When it comes to marketing to consumers, it’s no surprise that the 45-year-old white male is no longer the only person you’re marketing to, and the diversity marketing panel made that abundantly clear.

“91 per cent of women don’t think marketers or advertisers understand them,” director of BecBrideson.com, Bec Brideson, said.

“Marketing and advertising strategies were invented in the 1950s and it was a post-war era, where women were housewives and men went to work.

“And the men came up with marketing, and it was a very masculine construct and we’ve all inherited this.”

So what can you do about it?

“Men are more focused on headline and the facts, women more drawn to people, community, detail, how does it make us feel?” Brideson explained.

“I want everyone to go and look at their female opportunity and put a taskforce together.

“Brands need to say are we speaking to males or females? Because females are very different to men – not better or worse – just different. It starts with gender.”
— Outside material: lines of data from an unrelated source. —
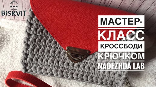 Простая сумка из трикотажной пряжи с кожаный клапаном. Вяжем крючком
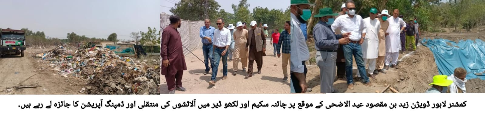 کمشنر لاہور ڈویژن زید بن مقصود نے عید الاضحٰی کے تیسرے روز صفائی آپریشن جائزہ کے حوالے سے ہربنس پورہ تا ٹھوکر کینال روڈ، چوک ناخدا شاد باغ، عامر روڈ، چائنہ سکیم اور لکھو ڈیر کا دورہ کیا۔ کمشنر لاہور نے صفائی کیمپس، روڈز صفائی اور عارضی و مرکزی ڈمپنگ سائٹس کے دورے کیے، انہوں نے چائنہ سکیم میں عارضی کلیکشن سائٹ سے مرکزی ڈمپنگ سائٹس پر آلائشیوں کی منتقلی آپریشنز اور شہر کی مرکزی ڈمپنگ سائٹ لکھو ڈیر میں مرکزی ڈمپنگ آپریشن کا جائزہ لیا۔
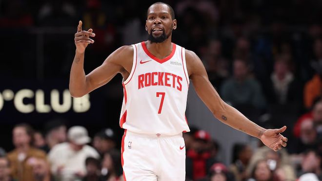 37歲的杜蘭特在加盟火箭隊的首個賽季里,依舊保持著頂級的“三級別得分手”水準。他出戰的比賽中場均貢獻26.5分、5.4個籃板和4.5次助攻,三項命中率分別達到51.4%、40.8%和88.6%。
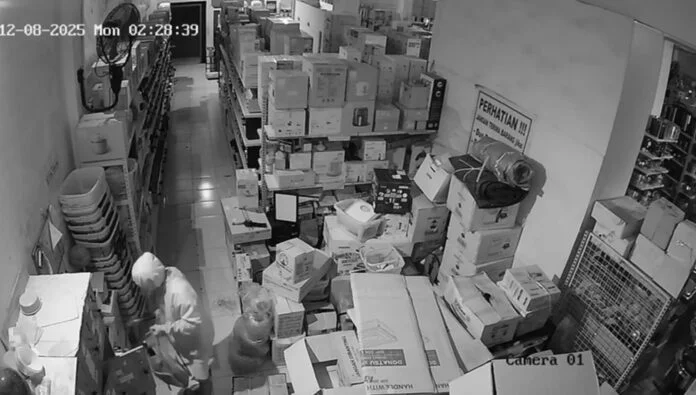 Setelah masuk ke gudang, terduga pelaku kemudian masuk ke lantai tiga menggunakan lift barang toko tersebut.
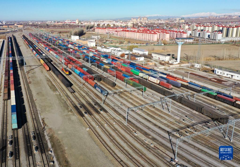 這是新疆霍爾果斯鐵路口岸(2022年3月31日攝,無(wú)人機(jī)照片)。新華社發(fā)(吳志恒 攝)
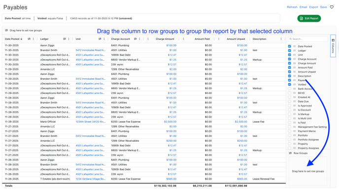 To group the report, click and drag the column into the row group section. This will group the report by the column you selected.
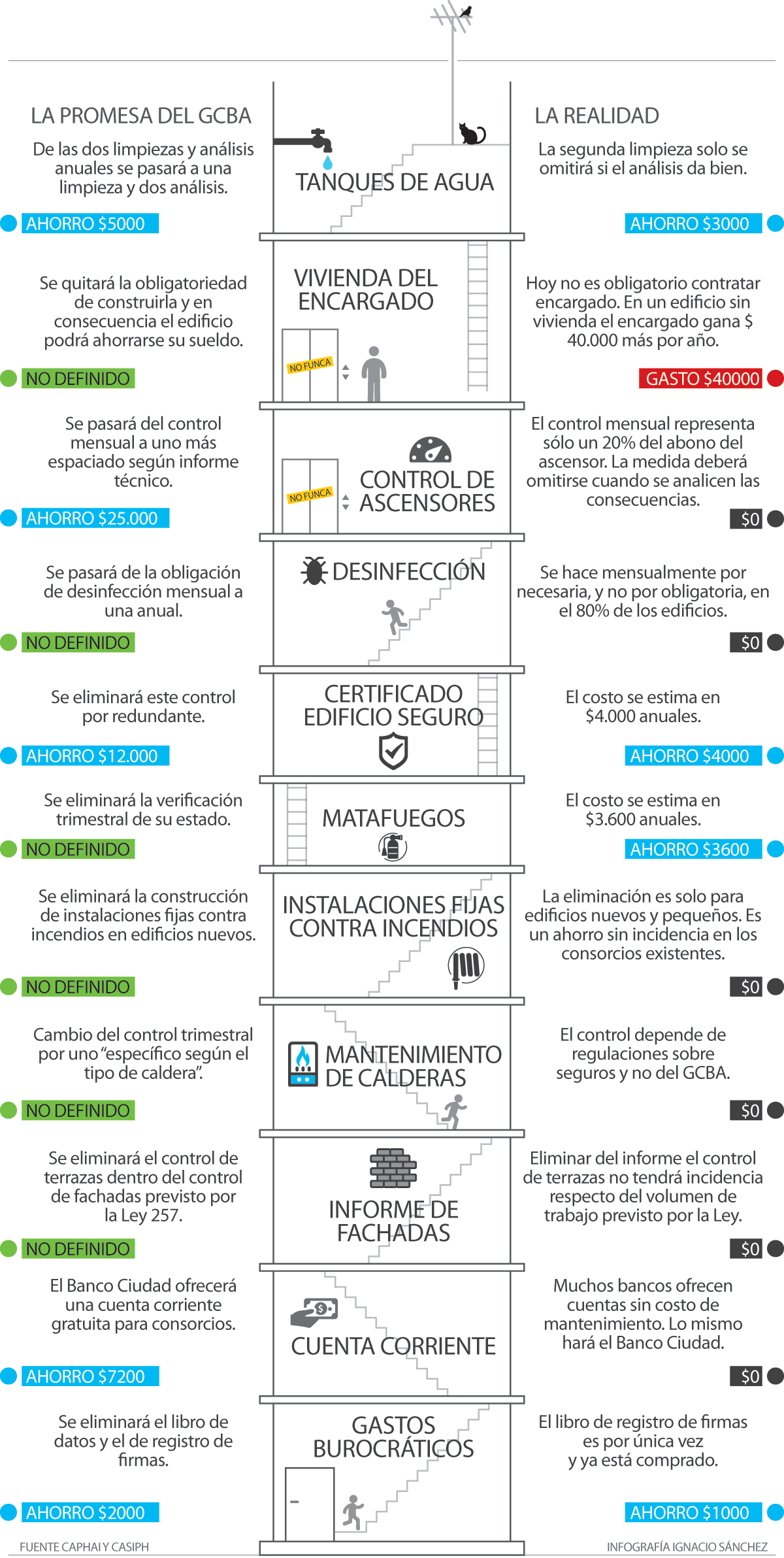 Las primeras dos medidas entraron en vigencia en marzo, a partir de la derogación del libro de datos periódicos y del Certificado de Edificio Seguro. Este último implicaba “un gasto que podía rondar entre los 12 y 20 mil pesos al año. Era un certificado que avalaba otros certificados. Había una redundancia de trámites”, puntualizaron a este medio fuentes oficiales. Las distintas cámaras que nuclean a los administradores no son tan optimistas. Para el sector, el valor del Certificado de Edificio Seguro no representaría más de 4000 pesos.
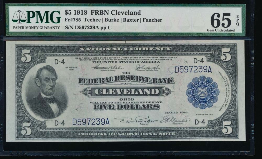 One 1918 $5 Cleveland Federal Reserve Bank Note PMG 65EPQ.
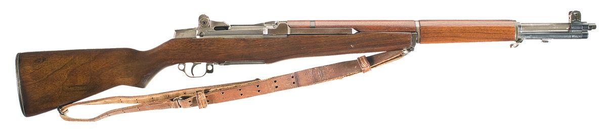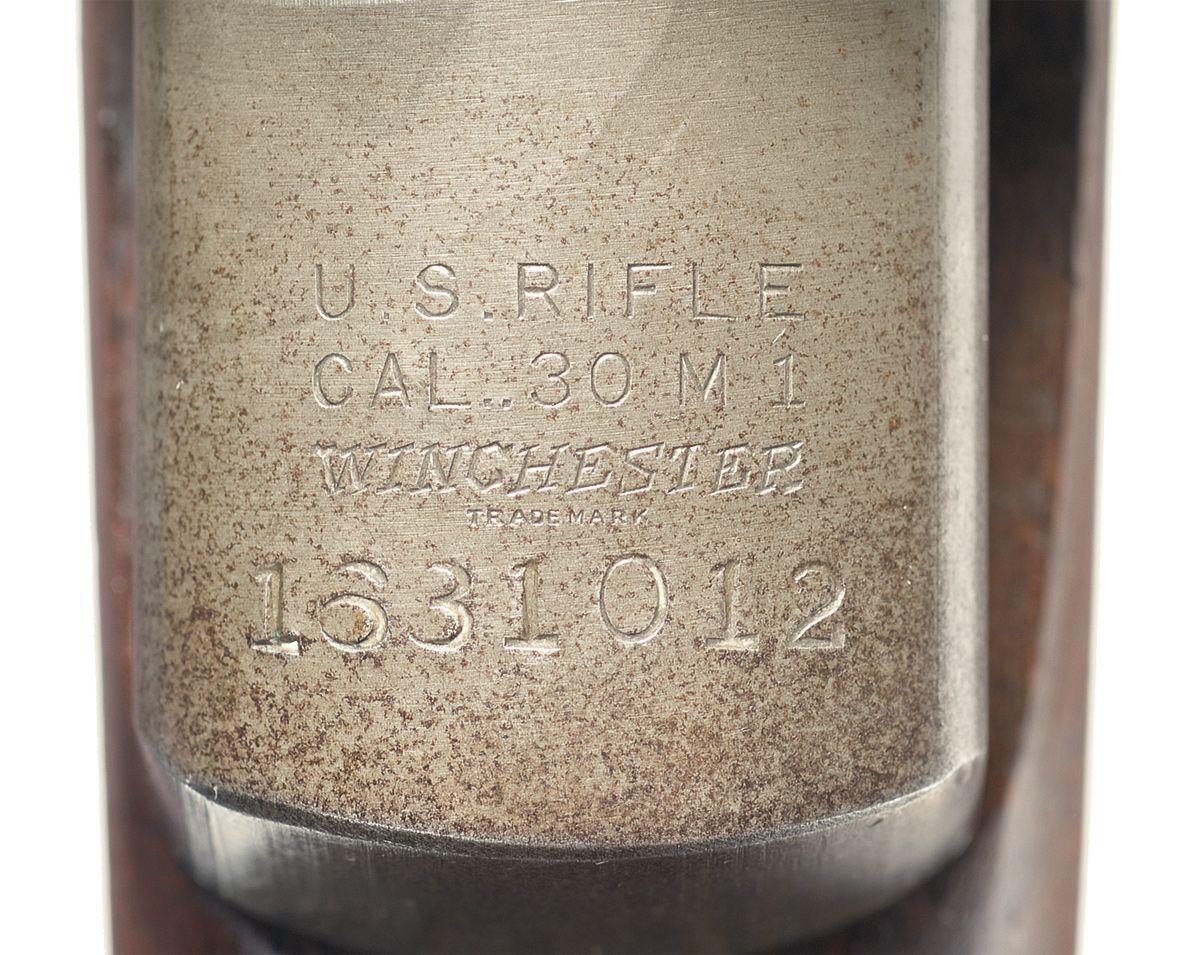 This is an excellent example of a scarce, WWII M1 Garand rifle as produced Winchester Repeating Arms under contract for the US Army. This rifle was produced in the third contract range of serial number in late 1942 to late 1943. It has the standard late gray-green parkerized finish overall with the oil finished stock and hand guards. The receiver has the standard markings of "US RIFLE/CAL .30 M1/WINCHESTER/over the serial number". The right side of the barrel has only a single number 9 with a single circled "WP" proof. The rifle has the correct Winchester marked components (operating rod, bolt, and complete trigger group) and the complete gas cylinder assembly is a post war, wide base version that has the later four groove gas plug marked with a "PX" and a post war set of rear sights. The rifle is fitted with a walnut stock and hand guards and the stock carries a boxed "S.A./SHM" cartouche on the left side with a double "P" circled proof in the piston grip area. It is complete with an unmarked 1907 leather sling with steel keepers, a first model chamber cleaning tool, nickel plated oiler and one small grease tube.

Looking to the LGBT market, Pink Media Group’s managing director Ben Mulcahy said it’s unrealistic to ignore a market that is so much ingrained in our society.

“There’s a $20 billion earning in this market,” he said. “And they are early adopters of new technology.”

Mulcahy used the recent Mardi Gras sponsorship of Airbnb as an example of this, saying the reason the home-sharing business is so in tune with the audience is because they “knew the LGBT market was very quick on the uptake with Airbnb”.

“What holds a lot of clients back is laziness. It’s easy to put an ad on TV and say ok job done. There’s a lot more work involved to tailor a message to a range of audiences but you get a better result.”

“Go that extra mile and adapt your marketing campaign to talk to different audiences.”

But it’s not just the younger consumers that marketers are missing. Founder and CEO of WYZA, a platform for over 50s, Michael Farley, said marketers aren’t listening to this age bracket.

“There’s 7.9 million Australians over 50,” he said. “The spend of this group of $200 billion on household products annually.”

“It’s a huge market and marketers are not addressing it. We’ve got to understand our audiences better.”

“Talking to our age demographic of 50 plus, our survey shows that age now is just a number and they didn’t like to be talked to as if they were old, or a senior or a pensioner,” Farley added.

“There’s this realisation that when you get to 50 you’ve still got half of your adult life to go. It’s all about speaking to them in a way they want to be spoken to. Why treat them like a minority?”